Many employers offer voluntary insurance products to their employees. As employee benefits, these programs may need to meet the requirements of a number of laws, including the Employee Retirement Income Security Act (ERISA) and the Patient Protection and Affordable Care Act (PPACA). Join us for this 75-minute intermediate level webinar to explore:

  • The benefits of these programs to employers and employees
  • When ERISA applies and how to fall within an available safe harbor
  • When PPACA applies to voluntary benefits
  • How and when reporting requirements and fees apply to these benefits
  • How the Consolidated Omnibus Budget Reconciliation Act (COBRA), the Health Insurance Portability and Accountability Act (HIPAA), the Family and Medical Leave Act (FMLA), and state laws apply to voluntary benefits

Registration for this webinar will be available soon! Please regularly check the UBA website for details when this becomes available. The presentation slides will be posted on the UBA website the day before the webinar.

About the Presenter:
Joseph J. Lazzarotti
is a Shareholder in the Morristown, New Jersey office of Jackson Lewis PC. He leads the firm's Privacy, e-Communication and Data Security Practice. He also is a member of the Employee Benefits Counseling and Litigation Practice Group and is a member of the Firm's Healthcare Reform Taskforce.
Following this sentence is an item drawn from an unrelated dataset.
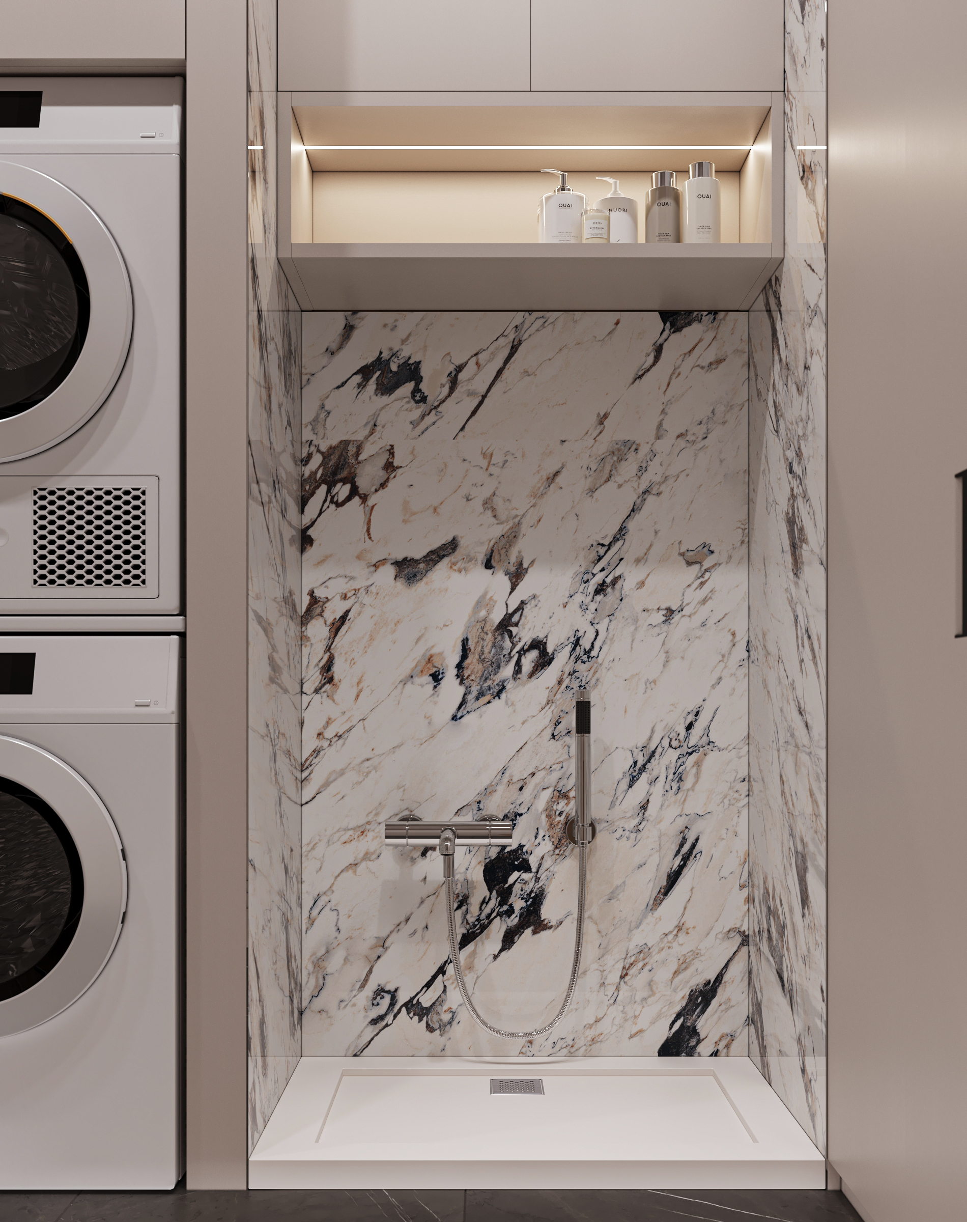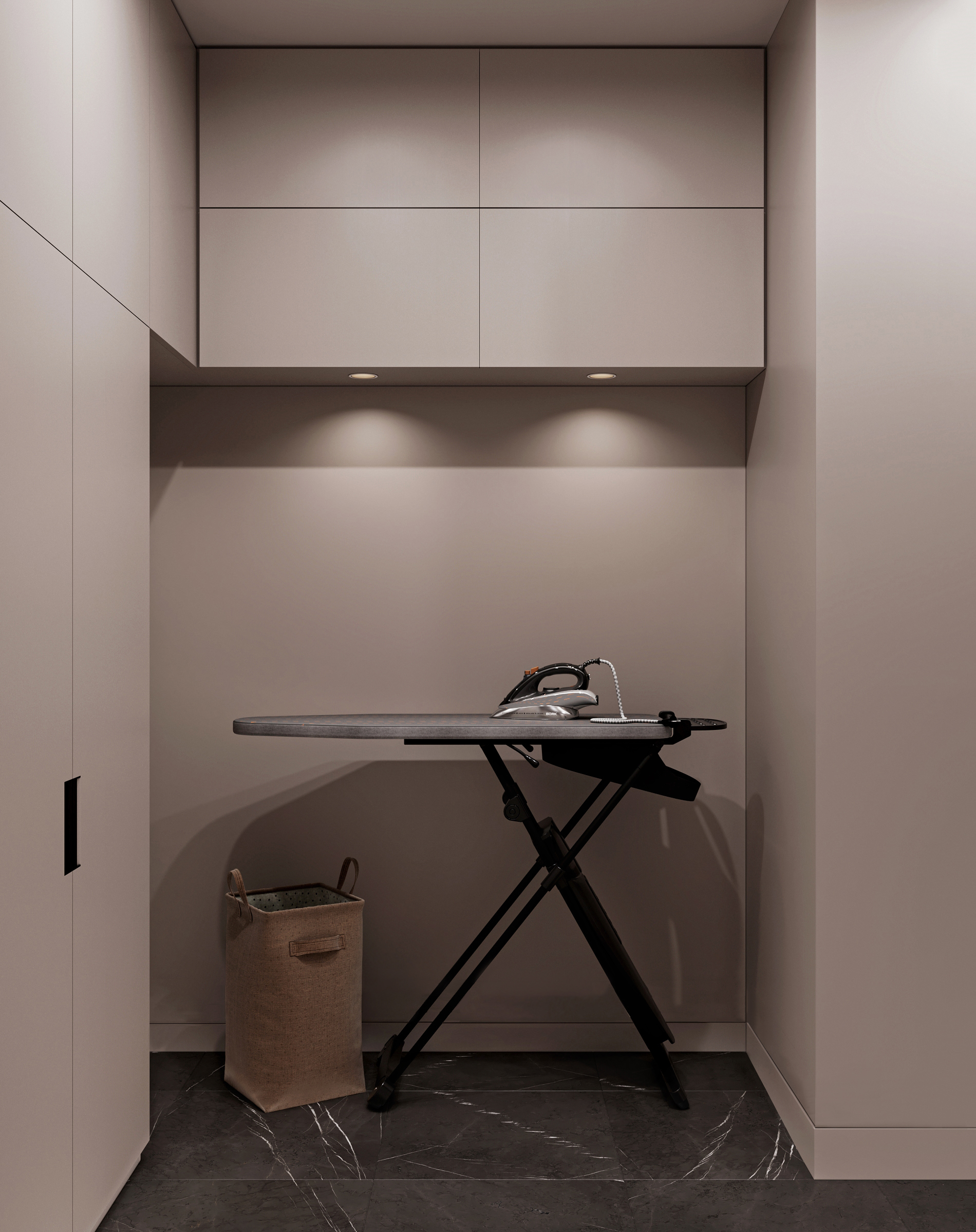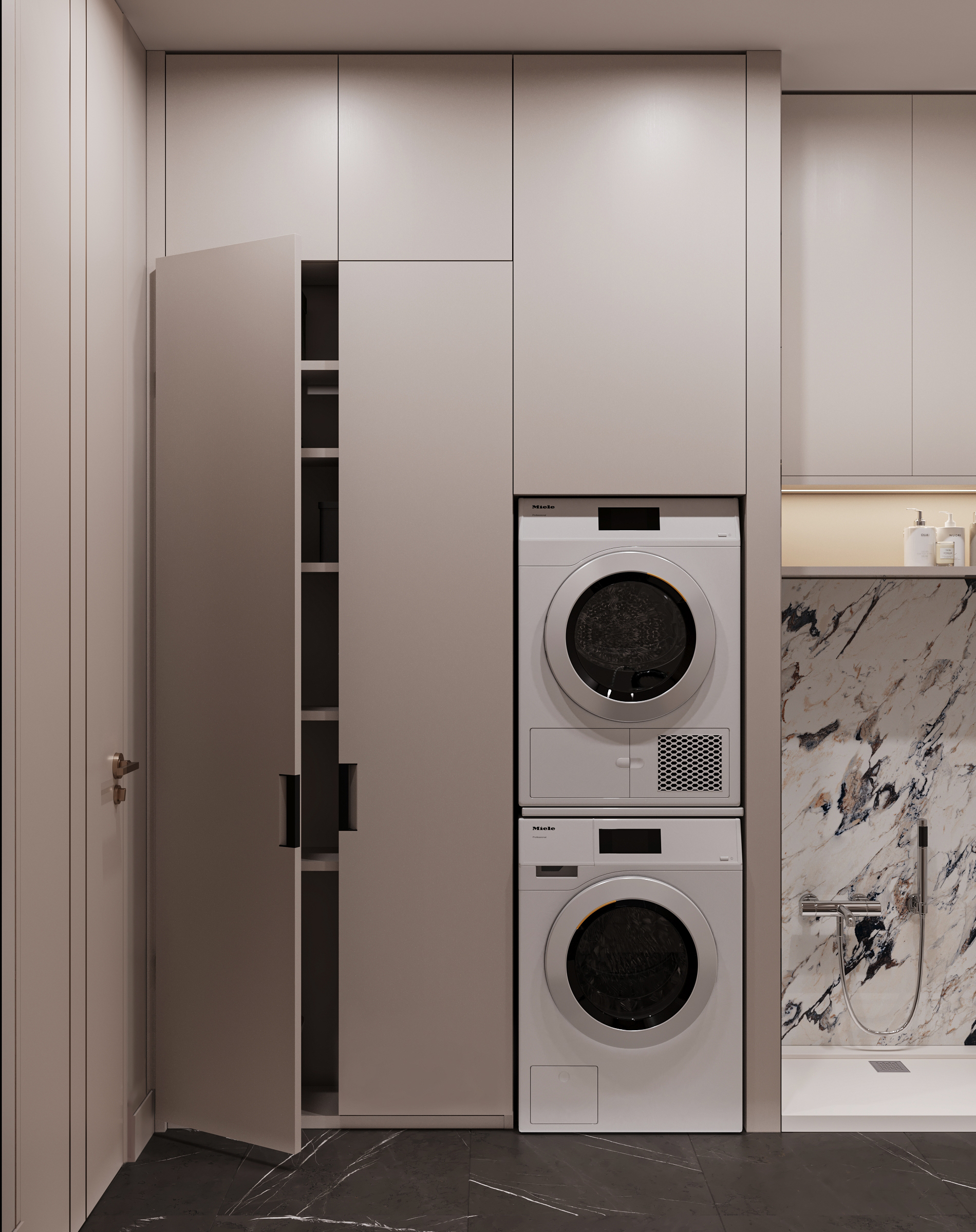Постирочная комната, несмотря на утилитарность, полностью соответствует общей стилистике квартиры — это лаконичное и строгое пространство.

Mr. Lazzarotti advises employers and plan sponsors regarding the establishment, administration and operation of fully insured and self-funded health and welfare plans, which includes counseling concerning the Affordable Care Act, as well as assisting in the set-up of administrative and other arrangements with third-party administrators, claims administrators and other vendors.